Patrick Schnider points out in the comments that the first fix to the question doesn't work: if we have a polynomial time algorithm for finding a colouring when it exists, we certainly have a polynomial time algorithm for testing whether a colouring exists.

The deeper question is perhaps this. Suppose we have an efficient algorithm for determining whether a particular structure (such as a colouring of a graph) exists. Can we use the algorithm to find it?

Sometimes the answer is yes. Suppose we have an efficient algorithm for deciding whether a graph is $k$-colourable. Then we can use it to find a $k$-colouring (when it exists) of a graph $G$ as follows. Test each non-edge $e$ of $G$ to see whether $G+e$ is also $k$-colourable. If it is, switch attention to $k$-colouring $G+e$. If it isn't, move on to the next edge. Note that we never have to test an edge more than once, as if $G+e$ is not $k$-colourable then $G+H+e$ is never $k$-colourable either, for any $H$. The end-point of this process is a complete $k$-partite graph, which is easily $k$-colourable.

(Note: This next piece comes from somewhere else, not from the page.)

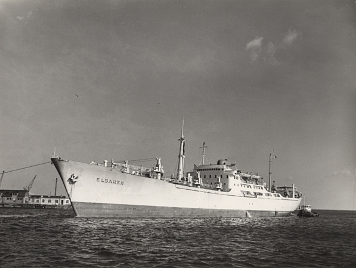 Foto i svartvitt visande lastmotorfartyget "ELGAREN" taget i Köpenhamn under mars månad 1961.

But sometimes the answer is no, or at least "we don't know yet". Primality testing is in P, so we have an efficient algorithm to detect whether an integer can be factorised. But we don't have an efficient (classical) algorithm to factor integers, and it's not clear that we ever will. If there was a mechanical process to go from existence of objects to providing examples then this would not be such a notoriously difficult problem.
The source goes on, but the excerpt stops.